Molekulare Diagnostik und Charakterisierung von intestinalen Infektionen mit dem Helminthen Strongyloides stercoralis

Abstract

Humane Infektionen mit dem Rundwurm Strongyloides stercoralis verursachen ein breites klinisches Krankheitsspektrum, das von einem asymptomatischen Verlauf bis zu einer lebensbedrohlichen Erkrankung reichen kann. Um die eingeschränkte Sensitivität der herkömmlichen mikroskopischen Techniken zu erhöhen, wurde als molekulare Detektionstechnik eine spezifische real-time Polymerase-Kettenreaktion (PCR) entwickelt, deren diagnostische Genauigkeit im Vergleich zu klassischen mikrobiologischen Methoden zum Nachweis von S. stercoralis und den morphologisch ähnlichen Hakenwürmern in dieser Arbeit untersucht wird. Darüber hinaus wurden real-time PCR Untersuchungen für mikroskopisch S. stercoralis gesicherte Proben durchgeführt und die Resultate mit dem Schweizerischen Tropeninstitut verglichen. In einem weiteren experimentellen Teil wurden Sequenzierungen durchgeführt, um eine molekulare Feincharakterisierung der Strongyloides- positiven Proben anhand von Detektion hypervariabler Regionen des 18S rRNA-Gens zu erreichen. Für diese Untersuchungen standen fixierte humane Stuhlproben, gesammelt im Rahmen verschiedener afrikanischer Forschungsprojekte, zur Verfügung. Die real-time PCR zeigte die höchste Detektionsrate (16.8%), gefolgt von den mikroskopischen Techniken. Dabei wurden 50% der S. stercoralis- Infektionen ausschließlich durch die real-time-PCR als positiv nachgewiesen. Alle Proben, die mikroskopisch positiv auf S. stercoralis getestet wurden, konnten durch die PCR bestätigt werden. Die durchgeführten Sequenzierungen des 18S rRNA-Gens von Strongyloides spp. aus insgesamt 24 PCR-positiven Proben ergaben nur in fünf Fällen eindeutig auswertbare Sequenzen, wobei sich eine 100%-ige Übereinstimmung mit publizierten Sequenzen von S. stercoralis zeigte. Die Sequenzierung waren nur bei Proben erfolgreich, welche bereits mikroskopisch positiv waren und damit eine quantitativ hohe Wurmlast aufwiesen. In dieser Arbeit ließ sich zeigen, dass die eingesetzte PCR sensitiver als mikroskopische und kulturelle Diagnostikverfahren zum Nachweis von S. stercoralis ist und eine sichere Abgrenzung von Infektionen mit morphologisch ähnlichen Helminthen erlaubt. Mittels Sequenzierung des 18S rRNA-Gens kann eine exaktere Differenzierung innerhalb der verschiedenen Strongyloides-Spezies vorgenommen werden, jedoch bedarf diese Methodik noch einer weiteren Optimierung und sollte zukünftig durch Ganzgenomsequenzierungs-Experimente ergänzt werden.

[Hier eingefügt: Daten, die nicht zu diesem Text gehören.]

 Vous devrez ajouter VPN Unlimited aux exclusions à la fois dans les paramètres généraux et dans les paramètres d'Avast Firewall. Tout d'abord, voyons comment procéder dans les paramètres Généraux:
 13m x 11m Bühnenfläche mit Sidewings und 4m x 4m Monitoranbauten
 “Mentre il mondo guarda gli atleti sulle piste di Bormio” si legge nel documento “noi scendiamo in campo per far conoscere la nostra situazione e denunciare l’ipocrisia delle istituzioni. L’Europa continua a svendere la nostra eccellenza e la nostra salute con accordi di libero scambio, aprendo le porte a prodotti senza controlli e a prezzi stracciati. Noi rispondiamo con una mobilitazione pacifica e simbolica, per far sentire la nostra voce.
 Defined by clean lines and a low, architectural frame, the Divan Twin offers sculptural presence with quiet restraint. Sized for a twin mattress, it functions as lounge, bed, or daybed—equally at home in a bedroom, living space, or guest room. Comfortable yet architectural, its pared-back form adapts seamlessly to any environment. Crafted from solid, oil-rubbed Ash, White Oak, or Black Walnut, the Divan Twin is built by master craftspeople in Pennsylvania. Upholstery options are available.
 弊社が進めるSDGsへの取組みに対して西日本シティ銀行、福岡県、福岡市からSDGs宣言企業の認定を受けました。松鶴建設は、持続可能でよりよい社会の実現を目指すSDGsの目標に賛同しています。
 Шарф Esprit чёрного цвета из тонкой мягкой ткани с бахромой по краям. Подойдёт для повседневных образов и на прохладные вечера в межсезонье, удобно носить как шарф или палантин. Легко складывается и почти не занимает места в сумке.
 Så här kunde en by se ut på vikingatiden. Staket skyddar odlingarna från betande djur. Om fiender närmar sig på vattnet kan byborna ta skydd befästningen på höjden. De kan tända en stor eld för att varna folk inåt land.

Human infections with the helminth species Strongyloides stercoralis encompass a wide clinical spectrum, ranging from asymptomatic carriage to life-threatening disease. To increase the sensitivity of conventional microscopy new molecular tools, for example the real-time polymerase-chain- reaction has been developed. We compared the diagnostic accuracy of those real-time PCR with microscopy tools for the detection of S. stercoralis and the morphologically similar nematode hookworm. Furthermore, we investigated the inter- laboratory concordance of S. stercoralis-specific real-time PCR in already microscopically tested positive samples in our and a foreign laboratory. In another experimental part of our work we implemented sequencing for more detailed molecular characterization of S. stercoralis stains, which was based on the detection of hypervariable regions of the 18S- rRNA. For the investigation we needed human stool specimens which were collected during various african research projects in the last years. The real-time PCR resulted in higher detection rates (16.8%) as compared to the microscopic techniques. 50% of the S. stercoralis- infections were exclusively detected by the real-time PCR. All samples with positive microscopy were also positive by real-time PCR. The sequencing of the 18S rRNA of 24 samples yielded only 5 clearly evaluable sequences showing 100% agreement with published sequences of S. stercoralis. The sequencing was only successful in samples that were already microscopically positive and thus had a quantitatively high worm load. In this work it could be shown that the used real time PCR is more sensitive than microscopic and cultural diagnostic methods for the detection of S. stercoralis and allows clear discrimination to helminths with similar morphologically. By sequencing the 18S rRNA gene subtyping of different Strongyloides species can be made, but this method needs further optimization and should be complemented in the future by whole genome sequencing experiments.